L'unica cosa che ti saprei dire è che in giro avevo trovato una lista degli errori di grub (tra cui mi pare proprio ci fosse anche il tuo). Prova a guardare sul sito gentoo, sul wiki in inglese e su quello italiano.

Mi spiace non saperti indirizzare meglio ma non mi ricordo bene dove l'avevo trovato.

----------

## luna80

 *Kernel78 wrote:*   

> L'unica cosa che ti saprei dire è che in giro avevo trovato una lista degli errori di grub (tra cui mi pare proprio ci fosse anche il tuo). Prova a guardare sul sito gentoo, sul wiki in inglese e su quello italiano.
> 
> Mi spiace non saperti indirizzare meglio ma non mi ricordo bene dove l'avevo trovato.

 

ho già trovato qualcosa di simile, ma non mi sembrava fosse la soluzione al mio problema dato che prima dell'aggiornamento del kernel tutto è sempre andato bene e non ho modificato niente nel grub.conf.

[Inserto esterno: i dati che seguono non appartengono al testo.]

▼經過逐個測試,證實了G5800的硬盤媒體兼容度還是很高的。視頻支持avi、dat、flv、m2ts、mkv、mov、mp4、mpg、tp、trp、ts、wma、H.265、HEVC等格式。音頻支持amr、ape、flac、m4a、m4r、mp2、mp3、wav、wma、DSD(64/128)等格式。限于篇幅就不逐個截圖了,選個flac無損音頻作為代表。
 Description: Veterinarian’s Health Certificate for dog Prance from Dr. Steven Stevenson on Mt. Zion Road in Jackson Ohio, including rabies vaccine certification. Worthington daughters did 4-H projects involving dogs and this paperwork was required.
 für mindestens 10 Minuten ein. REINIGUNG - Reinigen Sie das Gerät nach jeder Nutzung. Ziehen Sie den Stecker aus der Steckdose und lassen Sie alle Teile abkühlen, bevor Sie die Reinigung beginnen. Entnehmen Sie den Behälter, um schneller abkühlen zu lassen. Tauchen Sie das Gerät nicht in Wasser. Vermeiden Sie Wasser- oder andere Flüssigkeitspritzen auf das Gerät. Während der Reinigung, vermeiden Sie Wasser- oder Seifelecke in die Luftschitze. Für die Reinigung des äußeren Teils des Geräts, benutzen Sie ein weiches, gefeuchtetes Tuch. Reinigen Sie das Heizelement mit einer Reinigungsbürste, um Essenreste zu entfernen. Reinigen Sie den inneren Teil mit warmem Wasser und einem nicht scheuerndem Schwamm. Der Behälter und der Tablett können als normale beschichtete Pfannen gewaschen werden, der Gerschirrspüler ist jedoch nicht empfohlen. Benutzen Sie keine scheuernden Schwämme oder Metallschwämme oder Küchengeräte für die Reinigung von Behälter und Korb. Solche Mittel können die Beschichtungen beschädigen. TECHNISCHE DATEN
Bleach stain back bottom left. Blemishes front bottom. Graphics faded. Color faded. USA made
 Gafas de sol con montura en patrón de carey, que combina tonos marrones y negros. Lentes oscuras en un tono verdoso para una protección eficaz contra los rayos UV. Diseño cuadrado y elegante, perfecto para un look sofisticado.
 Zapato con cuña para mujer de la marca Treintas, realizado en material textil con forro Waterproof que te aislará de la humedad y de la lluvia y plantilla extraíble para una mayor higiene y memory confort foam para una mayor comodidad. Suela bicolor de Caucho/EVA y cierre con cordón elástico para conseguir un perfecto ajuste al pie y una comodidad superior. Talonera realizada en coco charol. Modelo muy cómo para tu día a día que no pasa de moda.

(il mio messaggio -cioè la scritta "GRUB"- pare sia un problema di come è dato il path a bzImage, anche se non so se sia propio quello perchè la descrizione del problema l'ho trovata per "GRUB GRUB GRUB GRUB ..." mentre da me si ferma ad una)

grazie cmq!

----------

## emix

Ho aggiornato al tuo stesso kernel, ma qui nessun problema. Non credo sia un problema dovuto al kernel o a qualche sua impostazione, perché a quel punto il kernel non dovrebbe neanche essere in esecuzione. Piuttosto potresti avere sbagliato qualcosa nella procedura di compilazione (che so, la copia dell'immagine in /boot) o qualcosa del genere.

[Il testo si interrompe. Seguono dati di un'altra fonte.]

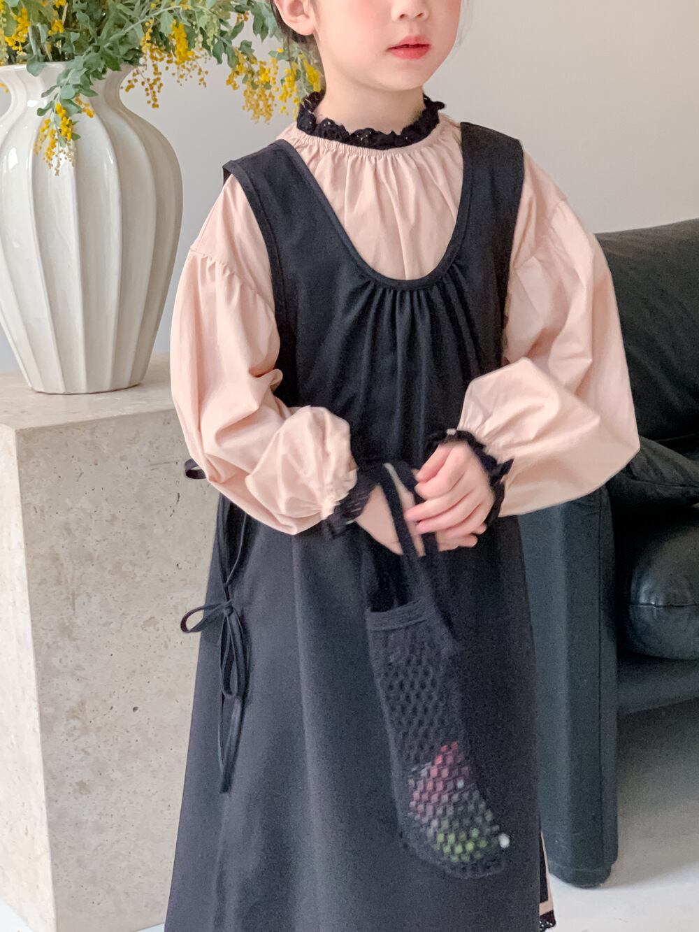 2024新作 韓国子供服 子供 キッズ ワンピース レイヤード セットアップ フリルネック 長袖2 点セット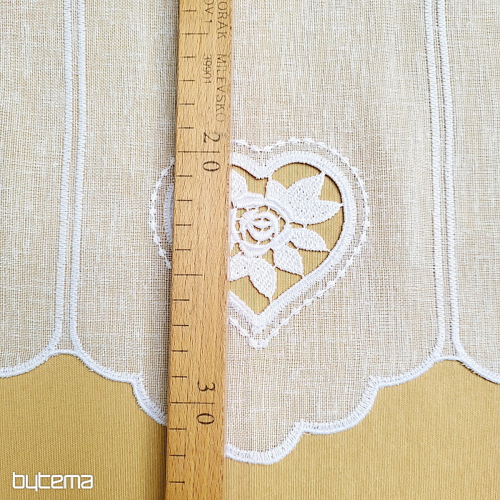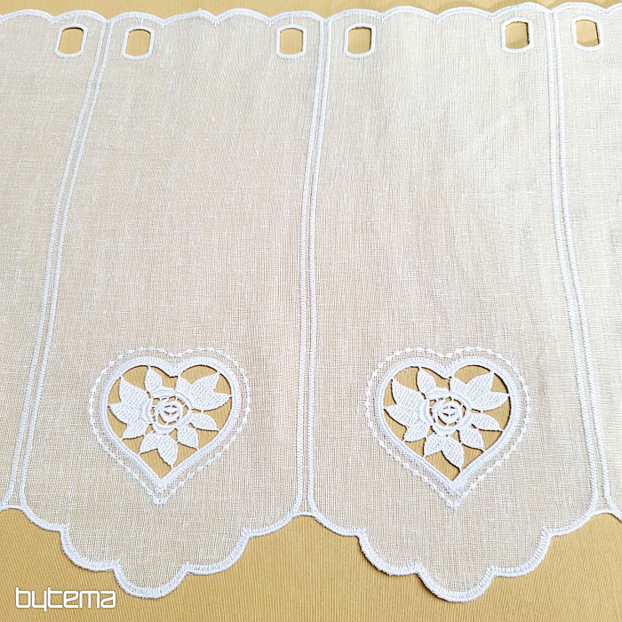 The 70 cm high curtain has a small heart embroidered in the middle.

Spero che tu abbia tenuto la vecchia versione del kernel  :Rolling Eyes:  eventualmente metti un livecd e prova a sistemare le cose.

----------

## luna80

 *emix wrote:*   

> Ho aggiornato al tuo stesso kernel, ma qui nessun problema. Non credo sia un problema dovuto al kernel o a qualche sua impostazione, perché a quel punto il kernel non dovrebbe neanche essere in esecuzione. Piuttosto potresti avere sbagliato qualcosa nella procedura di compilazione (che so, la copia dell'immagine in /boot) o qualcosa del genere.
> 
> Spero che tu abbia tenuto la vecchia versione del kernel  eventualmente metti un livecd e prova a sistemare le cose.

 

ho una copia del kernel vecchio, con il livecd ho già provato a ricaricare quello vecchio ma il problema rimane.

----------

## Kernel78

Domande aggiuntive (scusa ma 4 ore di sonno sono troppo poche per me).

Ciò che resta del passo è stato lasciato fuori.